Wie schon im vorherigen Post erwähnt, mache ich es mir in der dunklen Jahreszeit auch gerne vor dem TV gemütlich. Essen gibt es dann auf dem Schoß ich habe schließlich keine kleinen Kinder mehr, denen ich ein gutes Vorbild sein muss auf einem nett angerichteten Tablett. Es hat sowieso  Vorteile, wenn man
a) nicht mehr bei Muttern lebt - ich zitiere: 'Beim Essen liest man nicht!' 'Sitz gerade!' - bei dieser Bemerkung boxte mein Vater mir auch gerne kräftig in den Rücken!', 'Ellbogen vom Tisch!', 'Es wird gegessen, was auf den Tisch kommt', 'Schmatz nicht!' usw usw.

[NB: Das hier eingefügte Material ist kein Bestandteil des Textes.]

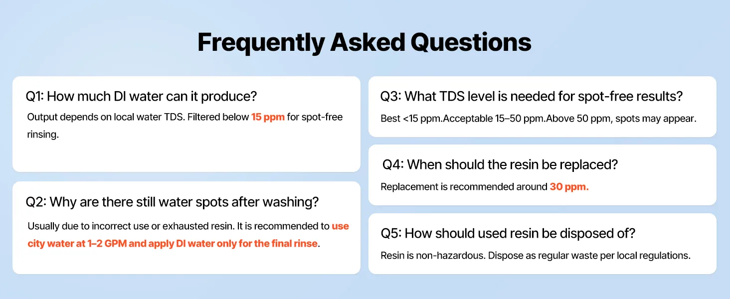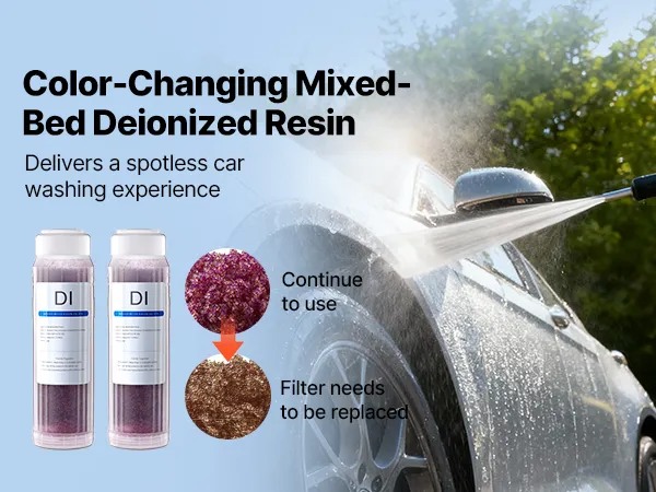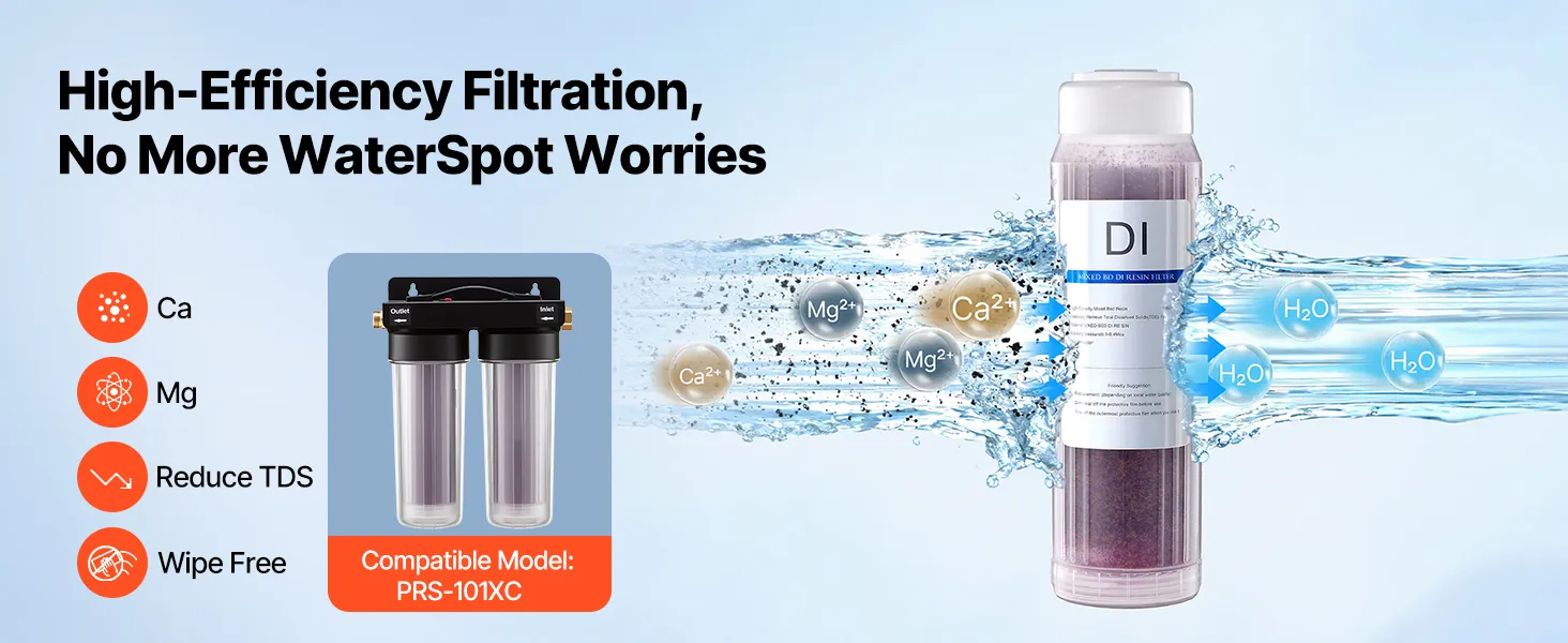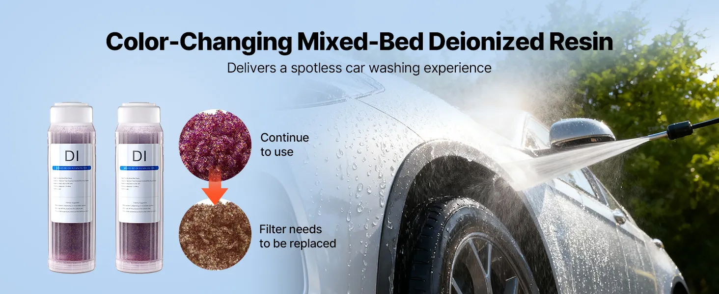 • Wyłącznie do naszego systemu dejonizacji: Ten zmieniający kolor filtr z żywicy DI jest kompatybilny z systemem dejonizacji VEVOR PRS-101XC i skutecznie usuwa zanieczyszczenia jonowe oraz TDS, zapewniając nieskazitelnie czyste mycie samochodu.
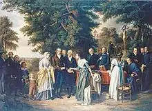 The educational reform introduced by Franz Friedrich Wilhelm von Fürstenberg, Vicar-General of Münster, induced her to take up her residence in the Westphalian capital. She was able to gather around her, at Münster, a mystical-literary cenacle which had a considerable influence on German intellectual and religious life at the time.[3] Here she soon became the centre of a set of intellectual men led by Fürstenberg. This circle also included the gymnasial teachers (whom she incited to the deeper study of Plato), Bernhard Heinrich Overberg, the reformer of popular school education, Clemens August von Droste-Vischering, Count Leopold zu Stolberg, and the philosopher Johann Georg Hamann, who was interred in her garden. The poet Matthias Claudius of the "Wandsbecker Bote" was also a familiar visitor, and Johann Wolfgang Goethe said that his hours in this circle were among his most pleasant recollections.[2]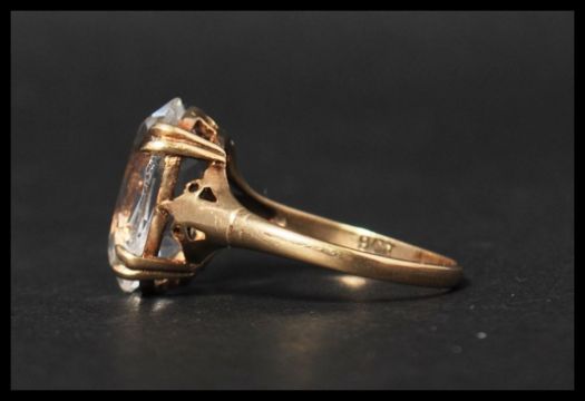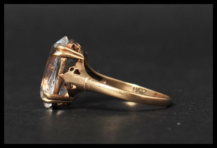 A 9ct gold vintage dress ring set with a large oval cut white stone having stylised shoulders. Marked 9ct tests 9ct gold. Weight 2.5g. Size N.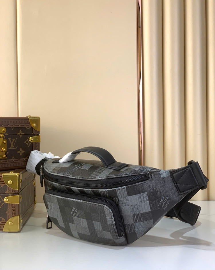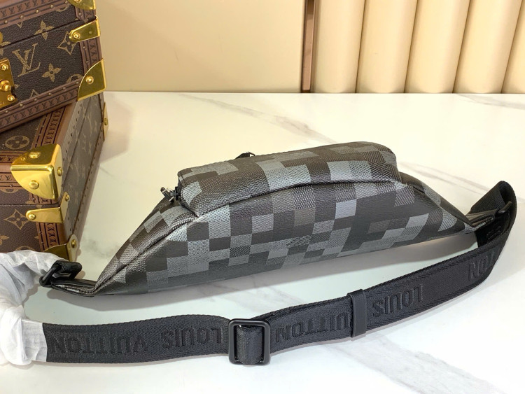 Túi đeo hông Rush này có thiết kế hiện đại, thời trang với chất liệu vải canvas Damoflage màu đen, phủ thêm họa tiết Damier dạng pixel tạo hiệu ứng ngụy trang. Dây đeo vai có thể điều chỉnh giúp bạn đeo thoải mái ở hông, vai hoặc đeo chéo.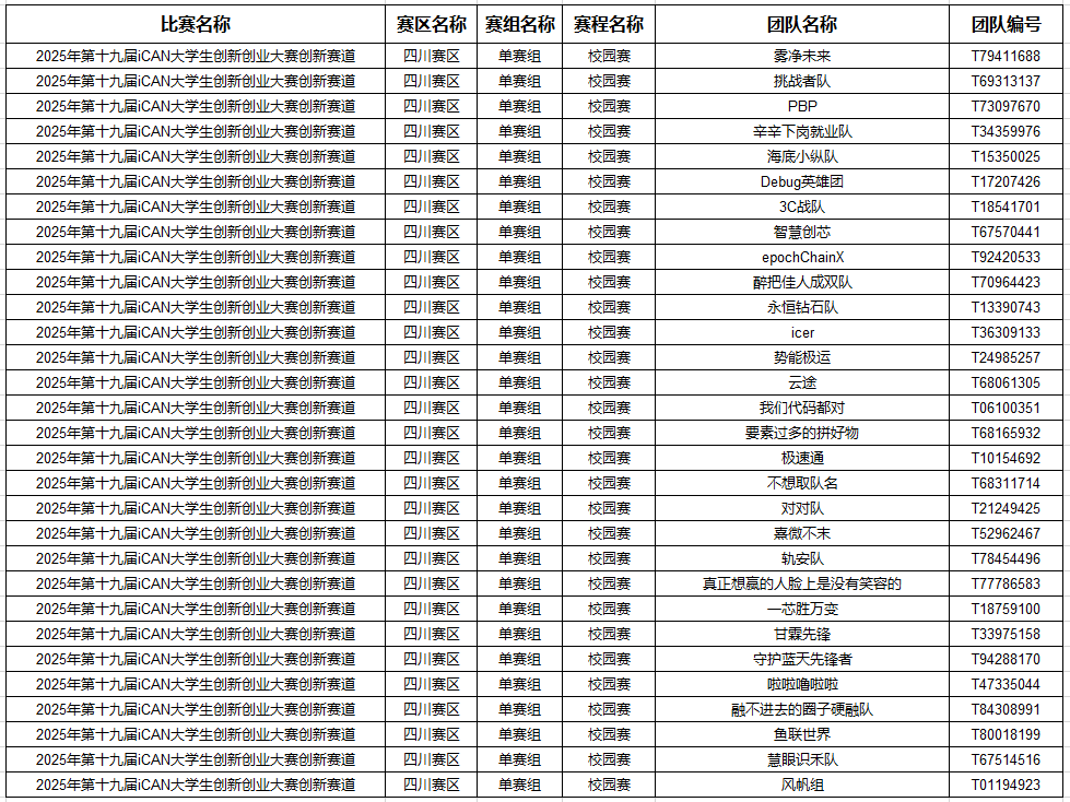 经过九州登录校内专家组根据各团队作品的创新性、商业性、技术方案以及文档的完备性进行综合评分,最终选拔出30支队伍参加第十九届iCAN大学生创新创业大赛西南区赛区线上选拔赛,入围团队名单见下表。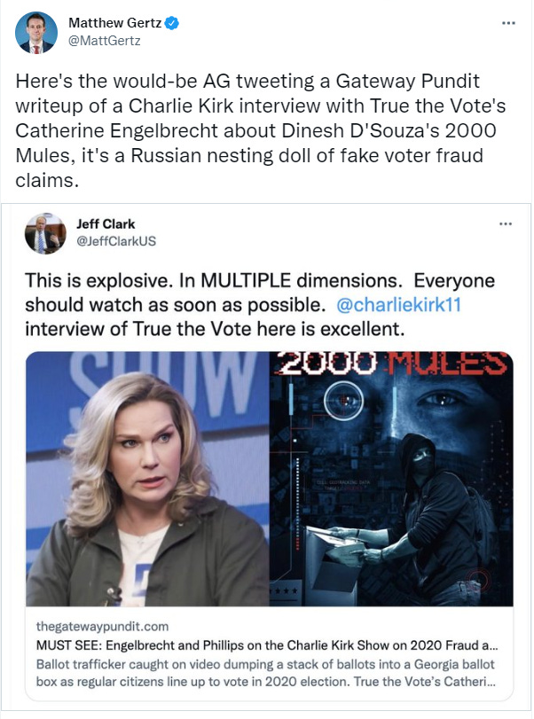 (1) The only man at the Department of Justice willing to carry out Trump’s schemes—environmental lawyer Jeffrey Clark—had his home searched on Wednesday by the feds. Law enforcement won’t confirm the reason for the raid, but it is almost certainly connected to his efforts to alter the election results.
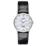 Rolex Cellini Classic White Gold Mother Of Pearl Dial Mens Watch. Manual winding movement. 18k white gold slim case 31.8 mm in diameter and 5.5mm thick. Rolex logo on the crown. . Scratch resistant sapphire crystal. Flat profile. Textured mother of pearl dial with raised Arabic numeral hour markers and white gold dauphine hands. Black alligator leather strap with an 18k white gold tang buckle.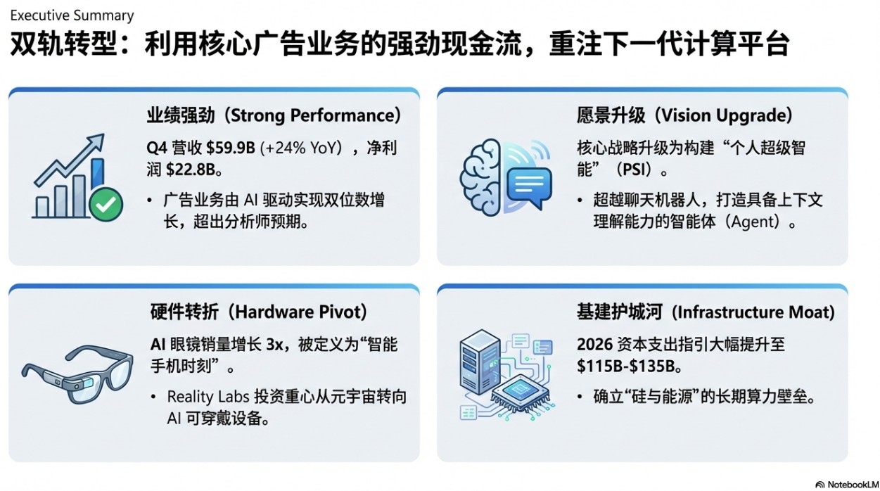 在随后的电话会,释放出一个清晰信号:Meta 在 2025 年交出强劲业绩的同时,正在把下一阶段的增长逻辑从 “更好的广告系统” 升级为 “以个人超级智能为核心的产品与基础设施重构”。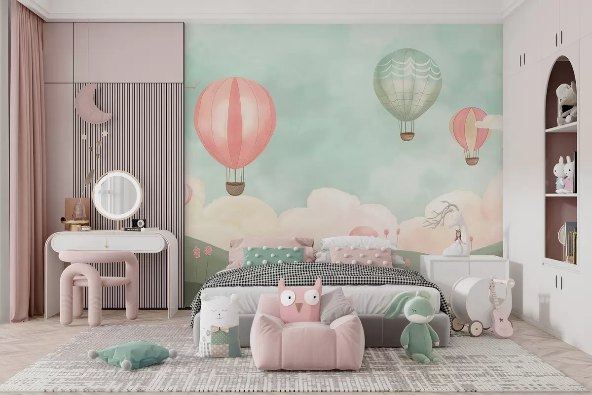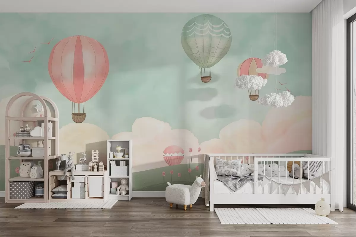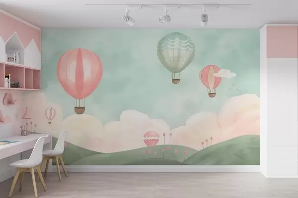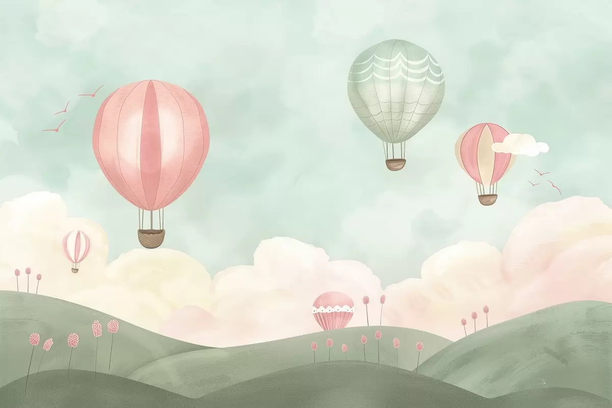 Valokuvatapetti Kuumailmapallot kukkuloiden ja pilvien yllä Nr w09228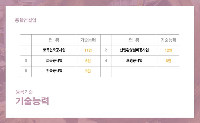 종합건설면허 기술능력 등록기준 충족을 위해서는 업종별로 규정된 자격을 갖춘 기술자 보유가 필요합니다.

b) keine Kinder mehr im Haus hat - ich zitiere mich: 'Mit vollem Mund spricht man nicht!', 'Wie heisst das Zauberwort?', 'Nimm auch das Messer hinzu....', 'Probier bitte auch das Gemüse', 'Beide Hände auf den Tisch'
Man darf endlich das tun, was man will. Computer (oder Tablet oder Kindle oder Smart Phone oder Magazine oder Tageszeitung) am Frühstückstisch, nur mit einer Gabel essen und eine Hand dabei auf dem Schoß legen, die Suppe vom Löffel schlürfen und eben auch vor dem TV essen. Wie sagt Hubby immer: 'This is a free country, you can do what you like!' - Danke Hubby!
Bei diesem TV Dinner gab es zwei 'Spreads' - Aufstriche sagt man wohl. Zum einen den bereits hier vorgestellten Hühnchen-Walnuss-Aufstrich aus der Türkei (boa, der ist so lecker, ich könnte mich da reinlegen!) und zum anderen einen Kürbis-Hummus inspiriert durch diesen Beitrag von Ilse. In Deutschland hatte ich einen Hokkaido Kürbis gekauft, die sind hier nicht 'main stream' - ich verwende normalerweise Butternut Squash. Den Hokkaido habe ich geschält (ich weiss, das muss man nicht!) und in Spalten geschnitten mit Knofiöl und Salz im Backofen geröstet und dann mit Tahini-Paste und dem Saft einer Mandarine und reichlich Pfeffer vermischt. Sehr lecker war das.  Dazu gab es etwas Salat und einige Mandelkerne von den Bäumen auf Mallorca. Ein Stück Käse durfte auch nicht fehlen, dazu knuspriges Baguette, was will man mehr? Ein Glas Rotwein natürlich, aber sorgt Euch nicht, auch das gab es.
Was schaue ich nun zu dieser Jahreszeit:
Die 5. Staffel von Downton Abbey - ich frage mich, wie weit kann Julian Fellowes diese Story noch spinnen? Sie ist so gut gemacht, da bleibt selbst Hubby manchmal sitzen und schaut mit mir, allerdings wirklich nur manchmal!

Weiterhin geben sich Rom und Italien in verschiedenen Programmen die Ehre. Ich bin ja auch begeisterter 'Armchair Traveller' und genieße es daher im Winter die Urlaubsmöglichkeiten fürs kommende Jahr im Kopf schon einmal durchzuspielen, und ein bisschen Geschichte kommt bei mir auch immer an. Derweil begeisters sich Hubby für alle möglichen Sportarten. So ist für jeden etwas dabei.